» WORK ITEM
Give back, exactly as written, the lines from the first line of the data below through the line with "The Skyvac Industrial", and omit the pictures.

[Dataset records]
########################################
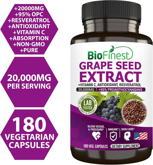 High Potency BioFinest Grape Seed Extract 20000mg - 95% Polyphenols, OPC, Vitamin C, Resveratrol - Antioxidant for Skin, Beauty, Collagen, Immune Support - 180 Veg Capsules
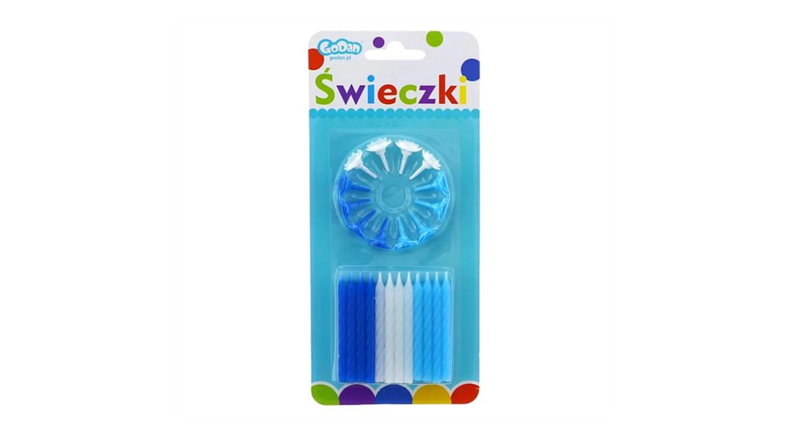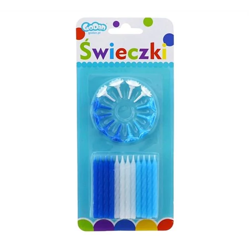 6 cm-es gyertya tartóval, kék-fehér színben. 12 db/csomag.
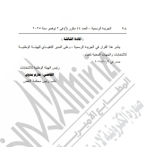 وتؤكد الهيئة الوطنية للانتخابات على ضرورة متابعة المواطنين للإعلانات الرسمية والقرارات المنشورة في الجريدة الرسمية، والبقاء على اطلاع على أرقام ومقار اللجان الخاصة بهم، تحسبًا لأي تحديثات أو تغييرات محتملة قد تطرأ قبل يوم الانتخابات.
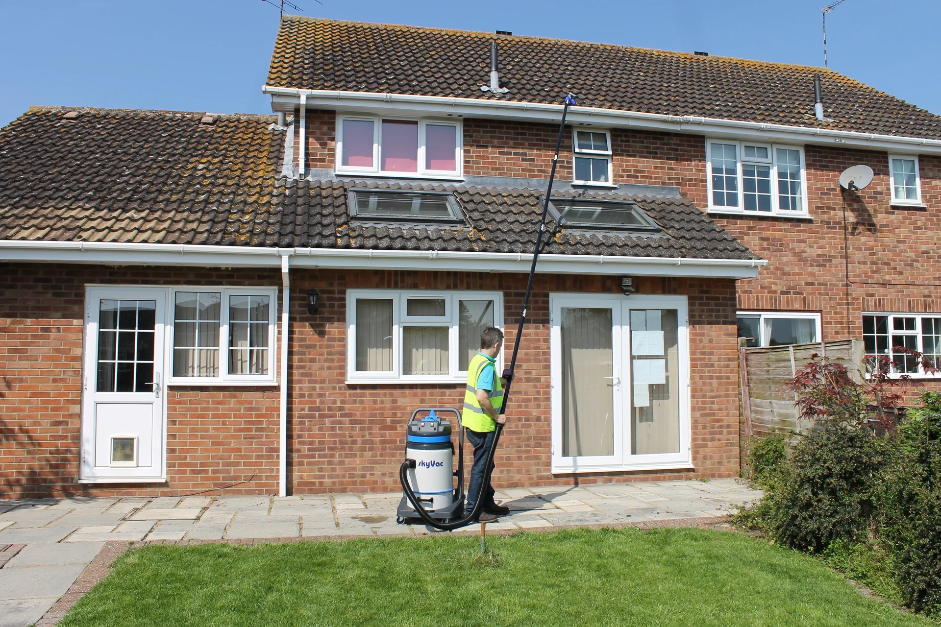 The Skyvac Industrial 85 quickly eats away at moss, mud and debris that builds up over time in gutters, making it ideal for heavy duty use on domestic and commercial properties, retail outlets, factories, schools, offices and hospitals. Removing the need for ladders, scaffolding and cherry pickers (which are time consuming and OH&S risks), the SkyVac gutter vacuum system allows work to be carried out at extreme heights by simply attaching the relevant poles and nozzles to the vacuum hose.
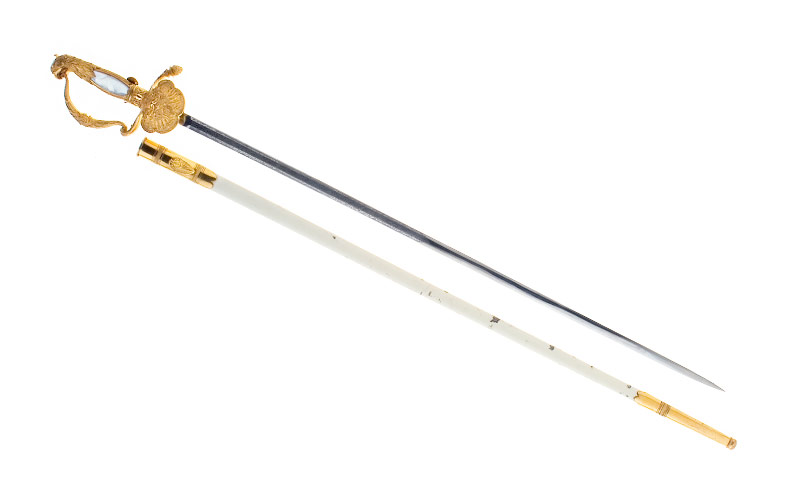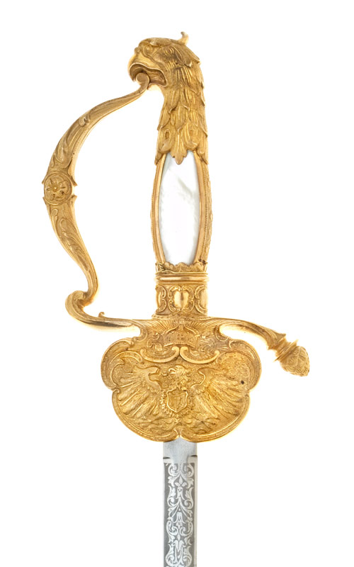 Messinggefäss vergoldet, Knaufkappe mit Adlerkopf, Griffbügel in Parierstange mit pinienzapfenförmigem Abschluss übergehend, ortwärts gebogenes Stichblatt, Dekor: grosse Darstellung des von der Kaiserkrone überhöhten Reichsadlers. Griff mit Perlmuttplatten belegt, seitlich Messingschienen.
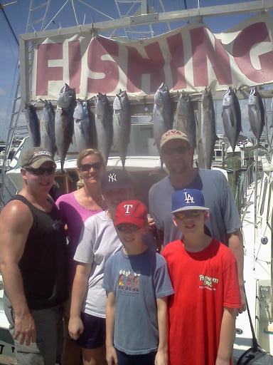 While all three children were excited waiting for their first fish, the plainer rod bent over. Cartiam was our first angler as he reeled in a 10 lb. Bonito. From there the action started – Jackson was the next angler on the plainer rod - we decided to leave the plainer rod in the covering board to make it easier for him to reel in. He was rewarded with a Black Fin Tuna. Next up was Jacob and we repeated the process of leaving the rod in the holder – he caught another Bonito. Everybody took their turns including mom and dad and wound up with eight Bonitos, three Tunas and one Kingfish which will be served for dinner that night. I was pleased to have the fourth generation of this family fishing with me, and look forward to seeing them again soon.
########################################
» ANSWER TO THIS TASK
 High Potency BioFinest Grape Seed Extract 20000mg - 95% Polyphenols, OPC, Vitamin C, Resveratrol - Antioxidant for Skin, Beauty, Collagen, Immune Support - 180 Veg Capsules
 6 cm-es gyertya tartóval, kék-fehér színben. 12 db/csomag.
 وتؤكد الهيئة الوطنية للانتخابات على ضرورة متابعة المواطنين للإعلانات الرسمية والقرارات المنشورة في الجريدة الرسمية، والبقاء على اطلاع على أرقام ومقار اللجان الخاصة بهم، تحسبًا لأي تحديثات أو تغييرات محتملة قد تطرأ قبل يوم الانتخابات.
 The Skyvac Industrial 85 quickly eats away at moss, mud and debris that builds up over time in gutters, making it ideal for heavy duty use on domestic and commercial properties, retail outlets, factories, schools, offices and hospitals. Removing the need for ladders, scaffolding and cherry pickers (which are time consuming and OH&S risks), the SkyVac gutter vacuum system allows work to be carried out at extreme heights by simply attaching the relevant poles and nozzles to the vacuum hose.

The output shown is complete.